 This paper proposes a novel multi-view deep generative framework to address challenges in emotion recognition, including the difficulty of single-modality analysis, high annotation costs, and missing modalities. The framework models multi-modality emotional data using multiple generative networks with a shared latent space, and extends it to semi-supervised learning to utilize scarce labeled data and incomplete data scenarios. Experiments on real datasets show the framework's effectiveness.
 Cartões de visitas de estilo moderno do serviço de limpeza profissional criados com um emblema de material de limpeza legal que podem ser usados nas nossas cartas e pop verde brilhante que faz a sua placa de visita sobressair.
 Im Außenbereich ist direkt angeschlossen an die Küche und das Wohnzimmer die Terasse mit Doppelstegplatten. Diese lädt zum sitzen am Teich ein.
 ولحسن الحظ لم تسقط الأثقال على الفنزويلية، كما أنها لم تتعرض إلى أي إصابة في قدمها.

---

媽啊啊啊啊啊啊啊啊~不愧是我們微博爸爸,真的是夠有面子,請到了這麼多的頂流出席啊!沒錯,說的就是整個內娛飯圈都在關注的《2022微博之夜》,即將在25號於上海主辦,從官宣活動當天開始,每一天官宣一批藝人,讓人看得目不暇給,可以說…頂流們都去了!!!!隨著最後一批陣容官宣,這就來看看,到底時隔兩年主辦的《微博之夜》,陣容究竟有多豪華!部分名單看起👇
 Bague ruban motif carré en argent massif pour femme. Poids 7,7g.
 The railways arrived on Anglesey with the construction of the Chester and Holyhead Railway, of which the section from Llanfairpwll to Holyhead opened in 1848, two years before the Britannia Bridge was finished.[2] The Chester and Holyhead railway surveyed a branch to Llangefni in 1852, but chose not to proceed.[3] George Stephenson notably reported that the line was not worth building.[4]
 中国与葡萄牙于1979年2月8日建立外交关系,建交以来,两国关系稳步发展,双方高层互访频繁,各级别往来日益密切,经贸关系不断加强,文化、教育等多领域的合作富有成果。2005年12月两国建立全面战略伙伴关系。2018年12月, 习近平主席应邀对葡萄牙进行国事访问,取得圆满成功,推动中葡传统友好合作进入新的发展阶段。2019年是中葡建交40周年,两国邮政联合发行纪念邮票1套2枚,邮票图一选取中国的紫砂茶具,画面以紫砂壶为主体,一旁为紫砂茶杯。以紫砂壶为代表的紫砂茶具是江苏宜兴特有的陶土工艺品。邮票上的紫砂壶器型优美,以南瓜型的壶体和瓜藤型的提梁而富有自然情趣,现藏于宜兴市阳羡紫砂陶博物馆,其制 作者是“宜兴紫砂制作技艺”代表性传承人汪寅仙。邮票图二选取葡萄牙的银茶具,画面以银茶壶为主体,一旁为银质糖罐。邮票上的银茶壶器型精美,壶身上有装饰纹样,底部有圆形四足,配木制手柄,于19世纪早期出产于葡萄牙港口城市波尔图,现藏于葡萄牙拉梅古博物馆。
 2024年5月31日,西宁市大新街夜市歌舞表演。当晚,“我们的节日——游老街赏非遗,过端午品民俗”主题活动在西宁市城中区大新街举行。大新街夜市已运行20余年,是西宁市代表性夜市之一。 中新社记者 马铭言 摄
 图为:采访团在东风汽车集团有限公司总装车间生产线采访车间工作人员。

==

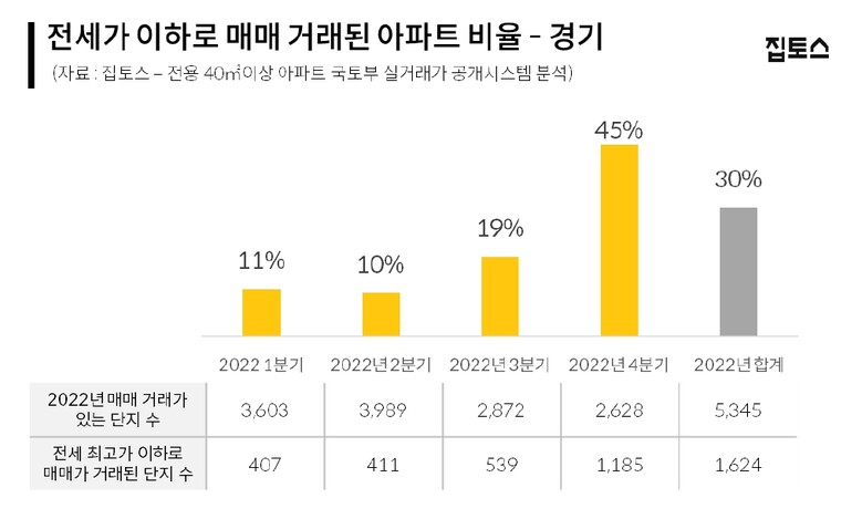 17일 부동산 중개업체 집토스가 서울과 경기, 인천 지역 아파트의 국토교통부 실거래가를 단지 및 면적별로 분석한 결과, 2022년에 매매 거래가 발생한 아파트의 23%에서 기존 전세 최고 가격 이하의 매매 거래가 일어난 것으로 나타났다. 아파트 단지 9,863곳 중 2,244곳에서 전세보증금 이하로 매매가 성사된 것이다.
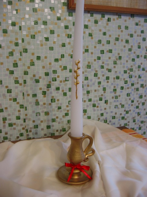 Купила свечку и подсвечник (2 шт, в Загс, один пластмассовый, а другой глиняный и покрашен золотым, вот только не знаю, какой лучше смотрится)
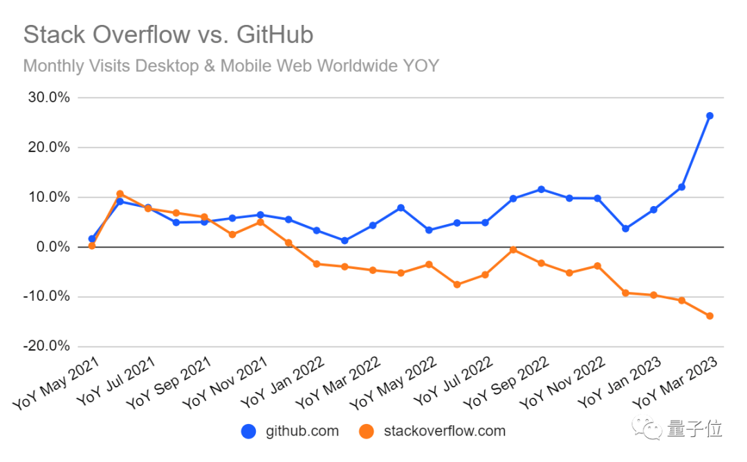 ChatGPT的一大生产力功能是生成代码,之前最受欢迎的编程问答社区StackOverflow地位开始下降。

● Your instructions: The required output is the stretch of entries above from the line containing "This paper proposes" through the line containing "ولحسن الحظ لم", reproduced exactly.

● Task result:
 This paper proposes a novel multi-view deep generative framework to address challenges in emotion recognition, including the difficulty of single-modality analysis, high annotation costs, and missing modalities. The framework models multi-modality emotional data using multiple generative networks with a shared latent space, and extends it to semi-supervised learning to utilize scarce labeled data and incomplete data scenarios. Experiments on real datasets show the framework's effectiveness.
 Cartões de visitas de estilo moderno do serviço de limpeza profissional criados com um emblema de material de limpeza legal que podem ser usados nas nossas cartas e pop verde brilhante que faz a sua placa de visita sobressair.
 Im Außenbereich ist direkt angeschlossen an die Küche und das Wohnzimmer die Terasse mit Doppelstegplatten. Diese lädt zum sitzen am Teich ein.
 ولحسن الحظ لم تسقط الأثقال على الفنزويلية، كما أنها لم تتعرض إلى أي إصابة في قدمها.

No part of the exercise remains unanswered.